Noseworthy joined the Mayo Clinic Department of Neurology in 1990, and over the course of his scientific career contributed to more than 150 peer-reviewed publications in the areas of neurology, clinical practice, leadership, and access to medical care. Noseworthy was the editor-in-chief of the journal Neurology from 2007 to 2009. Under Noseworthy, Neurology began publishing weekly rather than monthly.

At Mayo Clinic, Noseworthy held several leadership roles, including chairman of the Department of Neurology (1997 to 2006), medical director of Mayo Clinic's Department of Development (2006 to 2009), member of the Mayo Clinic Rochester Executive Board (2006 to 2009), and vice-chairman of the Mayo Clinic Executive Board (2006 to 2009). Noseworthy was appointed CEO in 2009, succeeding Denis Cortese.

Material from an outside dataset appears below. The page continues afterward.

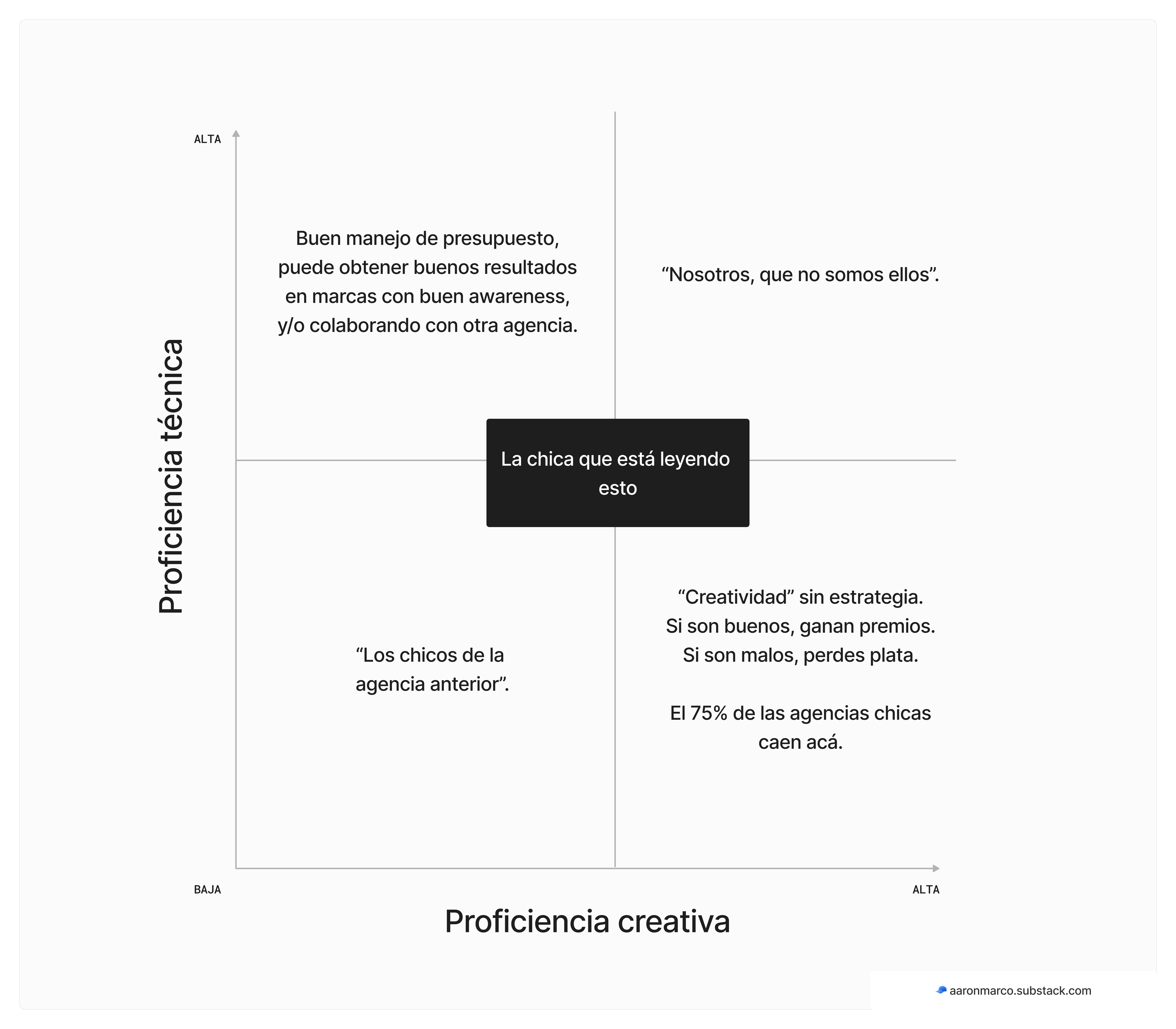 - Alta proficiencia creativa, baja proficiencia técnica - Hermosos sitios y contenido bien escrito. Ojalá hubiera ROI. Esta agencia es un taller de manualidades digitales. El 75% de las agencias chicas caen acá. Les falta proficiencia comercial - tanto para ayudar a clientes como para ayudarse a sí mismos. Estas agencias eventualmente ganan músculo estratégico o se desintegran.

As CEO, he reorganized Mayo Clinic from a holding company into a single unit with one business plan and strategy. During Noseworthy's tenure, Mayo Clinic's revenues increased to $12 billion and the hospital ranked No. 1 on U.S. News & World Report's "Best Hospitals" list for four of his last five years as CEO. He also oversaw Mayo Clinic's launch of its Destination Medical Center, a 20-year $5.6 billion economic development initiative. As one of his final projects at Mayo Clinic, the organization rolled out an electronic health record system. Noseworthy retired at the end of 2018, in line with Mayo Clinic's tradition of rotating its leadership every decade.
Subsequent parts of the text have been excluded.